In the interest of transparency, we want to share high-level details of our roadmap, so that others can see our priorities and make plans based off the work we are doing.
Our plans will evolve over time based on customer feedback and new market opportunities. We use our quarterly surveys and feedback on GitHub issues to prioritize work. The list here shouldn‘t be viewed either as exhaustive, nor a promise that we will complete all this work. If you have feedback about what you think we should be working on, we encourage you to get in touch (e.g. by filing an issue, or using the “thumbs-up” emoji reaction on an issue’s first comment). Flutter is an open source project, we invite contributions both towards the themes presented below and in other areas.
If you are a contributor or team of contributors with long-term plans for contributing to Flutter, and would like your planned efforts reflected in the roadmap, please reach out to Hixie (ian@hixie.ch).
This roadmap is aspirational; it represents some of what our most active contributors to Flutter and Dart have told us they plan to work on this year. It is in general difficult to make any guarantees about engineering work, and it is all the more so for an open source project with hundreds of contributors.
We continue to focus on quality and performance with Impeller. We plan on completing the iOS migration to Impeller by removing the Skia backend on iOS. On Android we expect that Impeller will support Vulkan and OpenGLES; in the near term, we will also have an opt-out to use Skia instead. Additionally, we would like to improve Impeller testing infrastructure to reduce regressions in production.
For the core framework we expect to complete the effort to fully support Material 3. We're also investigating options to generalize the core framework to better support the adaptations needed to meet design expectations on Apple devices, such as app bars and tab bars.
Work is also expected to continue on blankcanvas.
In 2023 we started an initiative to support multiple Flutter views — in 2024 our plan is to extend this support to Android and iOS. We're also working on improving the performance and test coverage/testability of platform views.
We‘ll continue to modernize iOS offerings by enabling/supporting latest Apple standards, such as the privacy manifests and Swift Package Manager. We’ll also investigate needed support for future Android releases.
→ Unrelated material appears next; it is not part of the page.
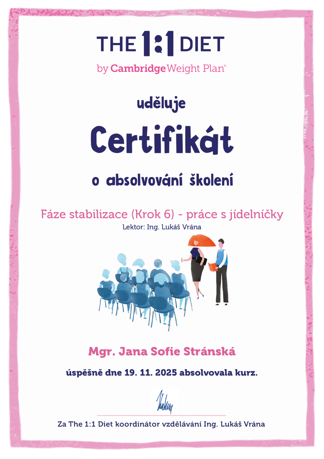 Jmenuji se Jana Sofie. Původní profesí jsem Baletka. Po absolvování Taneční konzervatoře hl. města Prahy, jsem tančila ve Státní opeře Praha. Následně jsem si doplnila vzdělání na VŠ v oboru Sociální a masová komunikace. Po ukončení kariéry v divadle se věnuji dětem i dospělým jako pedagog, trenér a choreograf. Program The 1:1 Diet by Cambridge Weight Plan se stal nedílnou součástí mého života hlavně v rámci mé trenérské praxe od roku 2009. S malou mateřskou přestávkou jsem věrnou a oddanou zastánkyní The 1:1 Diet s jeho úžasnou filozofií a přesahem za hranice pouhého výživového poradenství.

On Android we'll look into supporting Kotlin in Android build files.
Interop is important to interface with native code from Dart. We expect to complete the work to support invoking Objective C code directly from Dart, and we‘ll investigate support to invoke Swift code directly. Likewise for Android, we’ll continue work on the support to call into Java and Android. We'll also look into better support for calling APIs that might only be invoked on the main OS/platform thread.
We‘re seeing an increasing trend that larger Flutter apps often start as hybrid apps (an app that contains both Flutter code and some Android/iOS platform code/UI). We’ll look into how we can better support this, both in terms of performance/overhead and developer ergonomics.
We'll continue to focus on performance and quality, including investigating reducing the overall application size, better use of multi-threading, supporting platform views, improving app load times, making CanvasKit the default renderer, improving text input, and investigating options for supporting SEO for Flutter web.
We expect to complete the effort to compile Dart to WasmGC, and with that support Wasm compilation of Flutter web apps. This also includes a new JS interop mechanism for Dart that supports both JS and Wasm compilation.
We also plan to resume work to support hot reload on the web.
While we expect the majority of our time to be spent on mobile and web platforms (as discussed above), we are still planning some advancements on desktop platforms:
We're planning on collaborating with AI frameworks to support a new era of AI powered Flutter apps.
We are not planning on expanding the set of flutter.dev plugins we maintain, but will rather focus on raising the quality of the existing plugins, and resolving core feature gaps (for example, investigating an updated shared_preferences API that better supports use of isolates and to add-to-app use case). We'll also support community initiatives like Flutter Favorites.
We'll also continue to add support for building casual games with Flutter, as a joint effort with the Flame community.
We hope to integrate with AI solutions to offer AI assistance for core programming tasks.
We‘ll also continue to collaborate with Google’s IDX team, and explore integration with design tools.
The Dart team expects to complete the assessment of the viability of supporting macros in Dart, and in 2024 either ship the first phases of supporting them, or if we discover unmitigable architectural issues, abandon the effort. Key use cases for macros include serialization/deserialization, data classes, and general extensibility.
We'll investigate a number of more incremental language features, such as syntax changes to reduce verbosity (for example, primary constructors and import syntax shorthand), and better support for statically checked variance.
Finally, we'll look into re-use of Dart business logic in more places, and more pluggability/extensibility for Dart (for example, in DevTools and Analyzer).
We plan to have four stable releases and 12 beta releases during 2024, similar to 2023.
We're still not planning on investing in built-in support for code push or hot updates. For code push, our friends at shorebird.dev may have offerings of interest. For UI push (also known as server-driven UI), we recommend the rfw package.
We maintain an archive of roadmaps from previous years in a separate page.